C’est un truc dont j’ai jamais vraiment su si je devais me vanter ou pas. Mais lorsque je me suis présenté à l’oral de l’école, j’ai établi une sorte de record sur l’année. De mémoire d’admis, personne dans ma promo n’était resté plus de vingt minutes dans la salle avec les examinateurs. Généralement les entretiens étaient pliés en cinq/dix minutes. Lorsque ce fut mon tour, j’ai agi comme une raclure de doberman qui ronge un os, j’ai rien lâché. Dès que le silence s’installait plus de deux secondes, j’enchaînais, quand il n’y avait plus de questions, j’enchaînais, quand je sentais qu’ils tentaient de conclure, j’enchaînais encore. Il a fallu, et je ne plaisante pas, me faire des grands signes pour me mettre dehors. Au final j’ai fini par me demander s’ils ne m’ont pas pris de peur que je revienne l’année d’après (dans cette logique ils devraient me filer un diplôme pour que je parte).

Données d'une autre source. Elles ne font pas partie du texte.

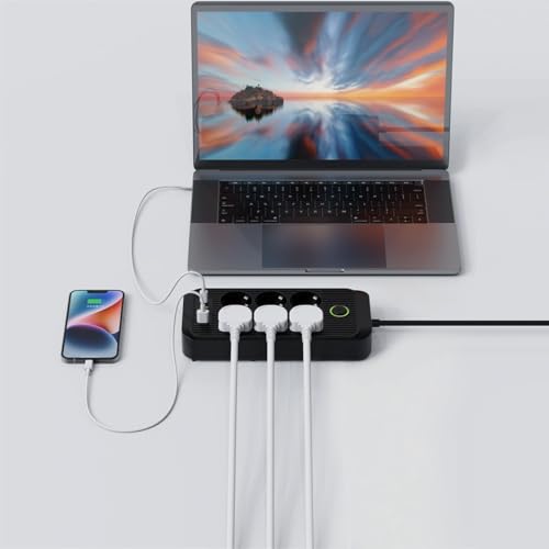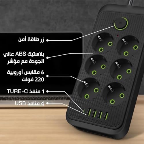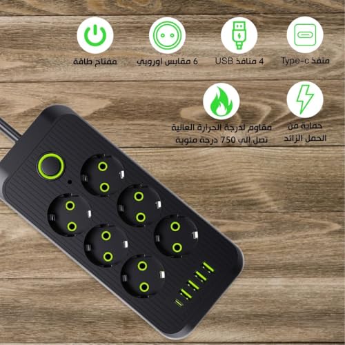 Generic - مشترك طاقة ذكي عالي الجودة من روكسي ستور، مع 4 منافذ USB، 1 منفذ من النوع C، خيارات ادخال مختلفة، حماية كهربائية فائقة، متعدد الوظائف، 2500 واط، اسود (الموديل: 606U (6 × سوكيت كومبو))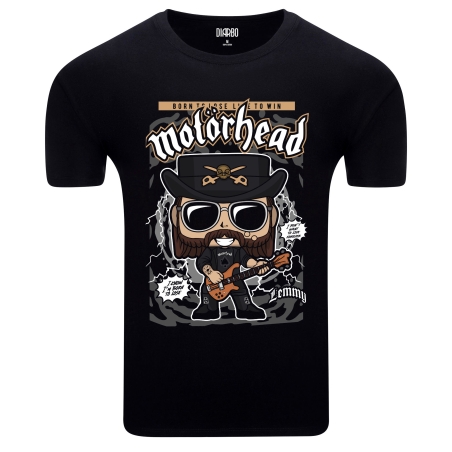 Ta koszulka to prawdziwa gratka dla fanów ikony rock'n'rolla i heavy metalu, Lemmy'ego Kilmistera z zespołu Motörhead. Prezentuje unikalny design z wizerunkiem Lemmy'ego w kreskówkowym stylu, z charakterystycznym kapeluszem, okularami przeciwsłonecznymi i gitarą basową. Tło grafiki utrzymane jest w mrocznej tonacji z motywem błyskawic, co podkreśla moc i energię muzyki Motörhead. To idealny wybór dla miłośników ostrych brzmień i legendarnych postaci rocka, którzy cenią sobie styl i jakość.

La logique était on ne peut plus simple. Tant que je n’étais pas sorti de la salle, je n’étais ni admis, ni recalé. J’étais le putain de chat mort-vivant, à battre des pattes dans le vide pour maintenir ce flottement. Pour mon bouquin, c’est un peu pareil. Le tas de feuille est corrigé depuis une bonne semaine maintenant, grâce à l’agilité du stylo rouge d’une ligne de plus dans les remerciements. Et moi je fais quoi ? Je m’assois dessus. Le manuscrit est on ne peut plus bouclé, mais je ne l’envoie pas. Il est le gendre idéal bien sapé sur le perron des parents de sa future copine, celui qui ne frappe pas à la porte de peur de se prendre un râteau. Mon bouquin n’est pas publié, il n’est pas refusé. Il est rien et tout à la fois. Et ça fait plus d’une semaine que ça dure. Quand est-ce que je bougerai mon cul ? Aucune idée.

Je ne vous l’avais pas dit à l’époque. Mais en octobre dernière (ou avoisinant), si j’ai pris mon courage par les couilles pour aller faire le tour des éditeurs avec un tas de papier sur le dos, c’est que je sortais de la rupture la plus brutale, sale et tétanique (comme dans « damn j’ai chopé le tétanos dans mes plaies purulentes ! ») de ma vie. Je suis allé démarcher MPLS avec la rage au ventre, le besoin viscéral de faire avancer les choses, persuadé qu’une fois devenu une star ultra bankable je pourrais me trouver une groupie bonnasse pour rire sur la tombe de mon ex. Minimum. C’était à l’époque où j’avais un chouille confiance dans le système, à braver le regard torve des secrétaires pour leur confier mes écrits. Maintenant j’ai plus tellement de courage, de confiance en moi, en le système, alors je chauffe de mon royal postérieur mon tas de feuilles fraîchement imprimées.

Techniquement, le chat de Schrödinger, si on n’ouvre jamais la boîte, il va finir par crever de faim. Mon bouquin, ça risque d’être un peu pareil. Déjà que je ne me souviens plus de la moitié des phrases qui le composent, si j’attends encore quelques mois il va falloir que je réécrive tout. C’est la dure loi du skill qui progresse tout le temps, face au papier figé. Je vais tenter de rager sur mes potes pistonnés jusqu’à la gueule, sur mes exs, sur la vie en général, sur un truc, et retrouver le feu sacré. Ca va venir. Mais putain ce que je suis bien assis en attendant.
Du coup, demain, rien à voir, on parlera sèche cheveux.